I’ll admit it. I am a conference fanatic. So, when our Headmaster sent me an email to save the date for the National Association of Independent Schools Annual Conference, I wasn’t about to say no to that.
Besides being excited about the fried chicken at Sweet Georgia’s Juke Joint and the fact that I will be back home again (Georgia counts as home for a Florida girl), I am also fired up about my first NAIS conference experience. I have spent days combing through the program, strategizing about sessions and setting learning intentions for the event. I am a big believer in being intentional about professional learning. It’s easy to get lost in your learning at conferences, or any professional development for that matter.
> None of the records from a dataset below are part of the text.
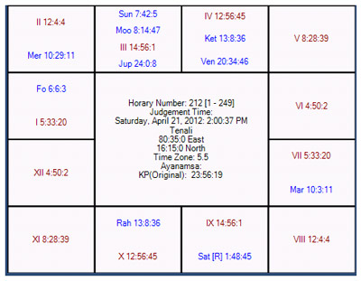 Horary number in favor of RR was taken as 212 and map of the heavens is as follows:
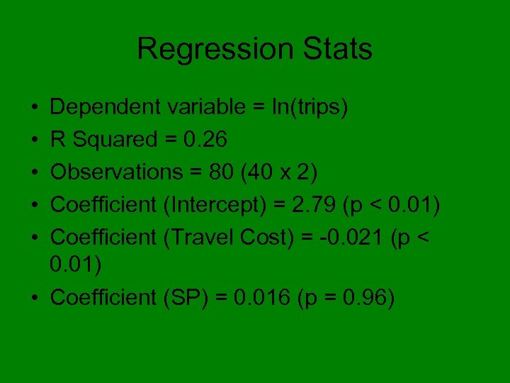 Regression Stats • • • Dependent variable = ln(trips) R Squared = 0. 26 Observations = 80 (40 x 2) Coefficient (Intercept) = 2. 79 (p < 0. 01) Coefficient (Travel Cost) = -0. 021 (p < 0. 01) • Coefficient (SP) = 0. 016 (p = 0. 96)
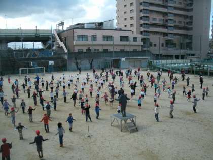 雨天のため、月曜日に実施できなかった「なわとび集会」が火曜日からスタートしています。昨日、1月19日(火)は急に寒さが厳しくなりましたが、子どもたちは寒さに負けず、なわとび運動に取り組んでいました。初めて「なわとび集会」に参加する1年生も『金塚なわとび体操』の音楽に合わせていっしょうけんめい頑張っていました。運動委員会の子どもたちも、全校児童の前で手本として活躍していました。

Being an educational leader is complex, setting intentions provides clarity and guides individual learning. It means I take home exactly what I need from conferences, institutes, and site visits.
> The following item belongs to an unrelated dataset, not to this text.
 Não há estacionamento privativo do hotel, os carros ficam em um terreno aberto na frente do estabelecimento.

I have decided to focus on a few areas over the next few days at the NAIS Annual Conference:
- How can I encourage and initiate grassroots change through teacher leadership, including harnessing teacher voices to propel real and innovative change?
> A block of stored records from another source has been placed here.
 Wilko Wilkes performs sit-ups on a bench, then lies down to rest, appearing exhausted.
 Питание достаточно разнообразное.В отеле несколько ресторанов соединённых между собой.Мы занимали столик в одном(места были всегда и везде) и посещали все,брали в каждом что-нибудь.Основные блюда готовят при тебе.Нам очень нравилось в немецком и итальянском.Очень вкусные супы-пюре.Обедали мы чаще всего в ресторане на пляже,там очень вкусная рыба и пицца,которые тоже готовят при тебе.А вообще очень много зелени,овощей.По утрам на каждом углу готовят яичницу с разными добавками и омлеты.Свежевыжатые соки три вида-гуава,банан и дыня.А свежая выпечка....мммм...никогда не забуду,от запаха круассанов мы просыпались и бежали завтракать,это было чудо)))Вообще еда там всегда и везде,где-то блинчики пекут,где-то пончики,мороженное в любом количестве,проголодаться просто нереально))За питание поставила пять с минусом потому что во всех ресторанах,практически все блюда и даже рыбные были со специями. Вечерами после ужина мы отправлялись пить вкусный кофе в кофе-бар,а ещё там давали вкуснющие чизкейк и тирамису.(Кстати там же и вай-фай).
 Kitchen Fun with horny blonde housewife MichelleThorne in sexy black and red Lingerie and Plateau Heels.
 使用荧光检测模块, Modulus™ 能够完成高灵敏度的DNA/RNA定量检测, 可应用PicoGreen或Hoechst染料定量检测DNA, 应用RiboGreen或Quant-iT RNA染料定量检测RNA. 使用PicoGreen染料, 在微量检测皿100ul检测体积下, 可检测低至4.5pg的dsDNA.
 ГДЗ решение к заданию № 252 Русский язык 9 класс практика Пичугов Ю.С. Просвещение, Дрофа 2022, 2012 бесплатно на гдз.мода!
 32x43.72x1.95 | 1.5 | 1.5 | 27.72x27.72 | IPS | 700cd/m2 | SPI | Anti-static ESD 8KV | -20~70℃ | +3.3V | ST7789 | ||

- How can I enhance professional learning and expand professional growth opportunities for the educators I work with?
- How can I promote authentic learning and global competence for students with creative curriculum design and delivery?
These are all areas I have concentrated on with ASCD and Teach to Lead and Learning Forward. But, not areas I have been able to explore through the lens of independent schools.
Inevitably, attending conferences leads to a lot of self-reflection for me. This is sort of my implied intention.
Another aspect of the conference I am really looking forward to is tending my school’s leadership garden. Leadership is all about relationships, and while the relationships I may forge at the NAIS Annual Conference may be powerful, there is far more power in growing our internal team over the next few days. I am traveling with five others from my school, each with their own intentions for the conference. I am hoping for discussions and reflections about how our shared learning and our independent perspectives impact our school, our faculty, and our stakeholders.
My friend Fred Ende writes about professional development being sticky. I fully expect the NAIS Annual Conference to be sticky, the kind of professional development that pushes and nudges and deepens my knowledge of who I am as an educational leader and how I can empower those around me to lead and learn better than they thought possible.